Peristiwa ini terjadi di wilayah Mauk, Tangerang. Menurut beberapa saksi, semasa hidupnya, si mayit adalah seorang yang tamak akan harta. Ia mengambil harta kekayaan yang bukan haknya. Ia juga menyia-nyiakan kedua anak yatim yang telah diamanahkan kepadanya.

TAHLIL HARI KETUJUH

Suasana di rumah Salim (Bukan Nama Sebenarnya) tampak hiruk-pikuk. Tetangga dan kerabat tampak hilir mudik di halaman rumah besar yang tampak megah bila dibanding rumah-rumah di sekelilingnya. Hari itu akan diperingati tahlilan, tujuh hari kepergian Salim yang meninggal dunia karena sakit.

Seperti kebiasaan warga setempat, tahlilan diadakan selama tujuh hari berturut-turut. Setelah ini, tahlilan akan ada jeda, untuk kemudian dilanjutkan pada hari ke empat puluh, hari ke seratus, dan hari ke seribu.
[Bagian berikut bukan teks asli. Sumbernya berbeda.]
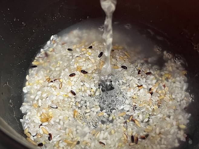 새 밥을 지을 때 식은 밥을 넣어서 같이 밥을 하는 방법인데요. 평소에 밥을 하는 것처럼 쌀을 씻어서 밥솥에 안치세요.

Malam itu, rencananya keluarga akan menyelenggarakan selamatan yang agak berbeda bila dibanding hari-hari sebelumnya.

Selain mengundang tetangga, kerabat, dan saudara-saudara jauh, selamatan juga diakhiri dengan hidangan yang lebih dari biasanya. Selain tahlil di rumah, di kubur Salim juga ada beberapa orang yang mengaji siang malam.

Memang sudah menjadi adat masyarakat setempat, mengadakan tahlilan selama tujuh hari setelah kematian. Apalagi bagi mereka yang berharta seperti keluarga Salim, mereka bisa membayar orang untuk mengajikan kubur Salim sampai satu minggu berturut-turut, siang dan malam.

Demikian pula pada kubur Salim. Pihak keluarganya sudah membayar 12 orang untuk mengaji di kubur Salim. Kelompok yang mengaji di makam itu dibagi menjadi dua kelompok, yaitu yang mengaji pada siang hari dan yang mengaji pada malam hari.

Hari itu adalah hari terakhir pengajian di makam Salim. Dua belas orang yang dibayar untuk mengaji itu sudah tampak hadir di makam. Mereka mengaji di bawah tenda yang sengaja didirikan di dekat kubur Salim.

Sementara itu, di rumah Salim yang kurang lebih berjarak 200 meter dari pemakaman, sudah hadir 40-an orang yang kebanyakan laki-laki.

Tahlilan di pemakaman hampir berakhir. Rencananya, menjelang maghrib mereka harus menyudahi bacaan, sehingga setelah itu mereka dapat menyantap hidangan tahlil, sebelum sholat Maghrib, untuk kemudian kembali ke rumah masing-masing.

Matahari masih meninggalkan rona merahnya di ujung timur, para pembaca doa masih khusyuk dengan bacaannya. Di sekeliling mereka sudah terhidangan nasi tumpeng, lauk pauk dan aneka makanan kampung.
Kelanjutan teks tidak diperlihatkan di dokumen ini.